[THE TASK]: Every line in the data below has to be repeated exactly; no picture belongs in the result.
INPUT DATA Block Start
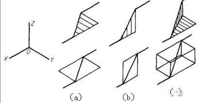 2)當管道平行于直角坐標軸時,軸測圖用平行于對應的軸測軸的直線繪制;當管道不平行于直角坐標軸時,應畫出平行于相應坐標軸的細實線,表示管子所處的平面;管道在水平面內傾斜時,畫出與y軸平行的細實線(構成水平面),(a)管道在鉛垂面內傾斜時,畫出平行于Z軸的細實線(構成鉛垂面),(b)管道是一般位置時,需要同時畫出與Y軸和Z軸分別平行的細實線,如圖(c) 所示。
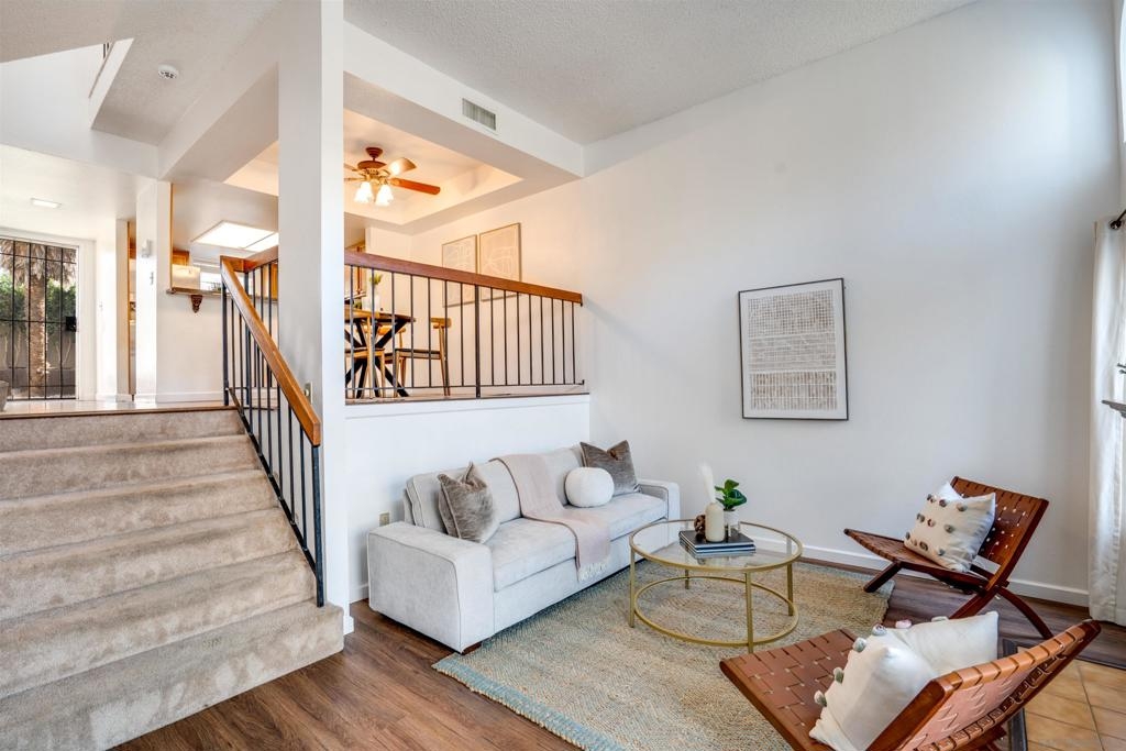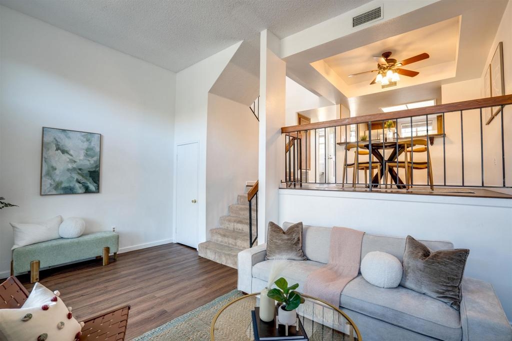 Nestled in a gated community, this stunning tri-level townhome offers 2 bedrooms and 2.5 baths with a thoughtfully designed open floor plan that flows seamlessly from the kitchen to the living room—perfect for modern living. A convenient half bath on the lower level makes entertaining a breeze. Step outside to enjoy the low-maintenance turf in your private gated front yard or relax while taking in the STUNNING canyon views from your patio off the living room or the upper deck off the primary bedroom. Upstairs, you'll find dual master suites, each featuring an attached bathroom. The secondary bedroom also includes a unique loft accessible by ladder—ideal for extra storage or a bonus area. The property comes with a detached one-car garage and an additional parking spot. Take advantage of the wonderful community amenities, including a pool, hot tub, dog park, and clubhouse. The HOA fee covers water, sewer, trash, and exterior maintenance, including community landscaping—adding convenience to this beautiful home. For VA buyers, there may be a possibility to assume the existing loan, offering an added benefit to make this home even more accessible. Come see it for yourself and fall in love with everything it has to offer!
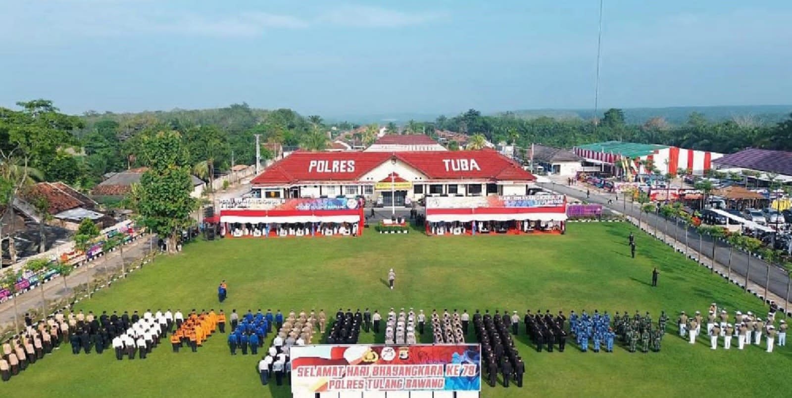 “Pada Puncak Peringatan Hari Bhayangkara ke-78 tahun 2024, Polres Tulang Bawang menggelar upacara dengan mengundang Pj. Bupati Tulang Bawang, Forkopimda, Para Tokoh dan masyarakat. Kegiatan upacara tersebut berlangsung dengan lancar dan penuh khidmat,” kata AKBP James, Selasa (02/07/2024).
INPUT DATA Block End
[OUTPUT FOR THIS EXERCISE]:
 2)當管道平行于直角坐標軸時,軸測圖用平行于對應的軸測軸的直線繪制;當管道不平行于直角坐標軸時,應畫出平行于相應坐標軸的細實線,表示管子所處的平面;管道在水平面內傾斜時,畫出與y軸平行的細實線(構成水平面),(a)管道在鉛垂面內傾斜時,畫出平行于Z軸的細實線(構成鉛垂面),(b)管道是一般位置時,需要同時畫出與Y軸和Z軸分別平行的細實線,如圖(c) 所示。
 Nestled in a gated community, this stunning tri-level townhome offers 2 bedrooms and 2.5 baths with a thoughtfully designed open floor plan that flows seamlessly from the kitchen to the living room—perfect for modern living. A convenient half bath on the lower level makes entertaining a breeze. Step outside to enjoy the low-maintenance turf in your private gated front yard or relax while taking in the STUNNING canyon views from your patio off the living room or the upper deck off the primary bedroom. Upstairs, you'll find dual master suites, each featuring an attached bathroom. The secondary bedroom also includes a unique loft accessible by ladder—ideal for extra storage or a bonus area. The property comes with a detached one-car garage and an additional parking spot. Take advantage of the wonderful community amenities, including a pool, hot tub, dog park, and clubhouse. The HOA fee covers water, sewer, trash, and exterior maintenance, including community landscaping—adding convenience to this beautiful home. For VA buyers, there may be a possibility to assume the existing loan, offering an added benefit to make this home even more accessible. Come see it for yourself and fall in love with everything it has to offer!
 “Pada Puncak Peringatan Hari Bhayangkara ke-78 tahun 2024, Polres Tulang Bawang menggelar upacara dengan mengundang Pj. Bupati Tulang Bawang, Forkopimda, Para Tokoh dan masyarakat. Kegiatan upacara tersebut berlangsung dengan lancar dan penuh khidmat,” kata AKBP James, Selasa (02/07/2024).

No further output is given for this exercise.